Slowly, I could feel a shift in me taking place. I wanted to be exposed to this world I had always feared. I watched a few friends handle their guns in front of me and I was surprised as I began to feel a tingle of excitement course through my body. I knew I wanted more.
Turns out there is a gun called a Kimber. How fitting! I decided to find out for myself what all the excitement was about. I faced my fears and went down to the shooting range with some friends. My friend has a Kimber so I was super excited to have that as my first shooting experience. After an hour of gun protocol, proper handling and training, I was itching to get out there.
I had no idea what to expect and I let my body completely relax. As I squeezed that trigger and got the first shot off, I was stunned by the recoil.

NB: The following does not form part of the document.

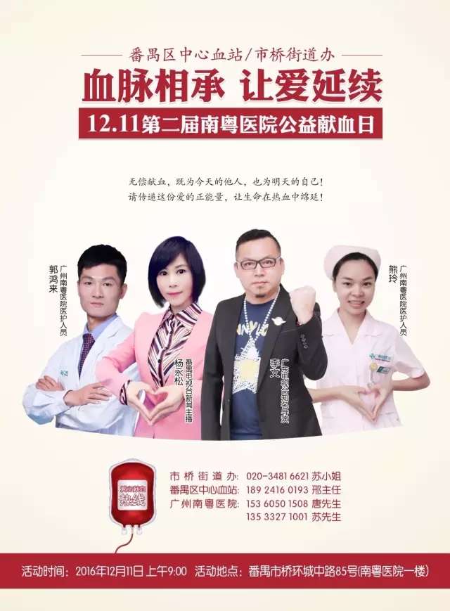 据了解,这次由番禺区中心血站和市桥街道办主办、广州南粤医院承办的第二届公益献血活动,通过在辖区范围内广泛宣传、积极引导,群众逐渐树立“献血光荣,无偿献血有益健康”的正确观念,形成了积极参加献血的良好风尚。今后将以此为契机,继续开展更多献血知识宣传活动,让公益献血理念走入千家万户。

But I was instantly addicted. The power gripped my body and consumed me with an adrenaline force I had never experienced before. I couldn't get enough. I ripped of an entire magazine in seconds. I didn't have to think. I could just obliterate without thought. How strangely empowering.
My hands were pretty steady and I was focussed. I spent some time working on my aim and visualizing my target. It is amazing how the mind can drum up such specific imagery and then in a millisecond, you can destroy it.
I loved the smell of the gun powder and I relished in the sting in my eyes. My whole body was rigid with anticipation yet totally relaxed in execution. I can't wait to go back for more.
So I guess all these Krav Maga rednecks aren't as reckless with their guns as I had once thought! Seems like there is a method to their gun toting madness after all!
So I guess all these Krav Maga rednecks aren't as reckless with their guns as I had once thought! Seems like there is a method to their gun toting madness after all!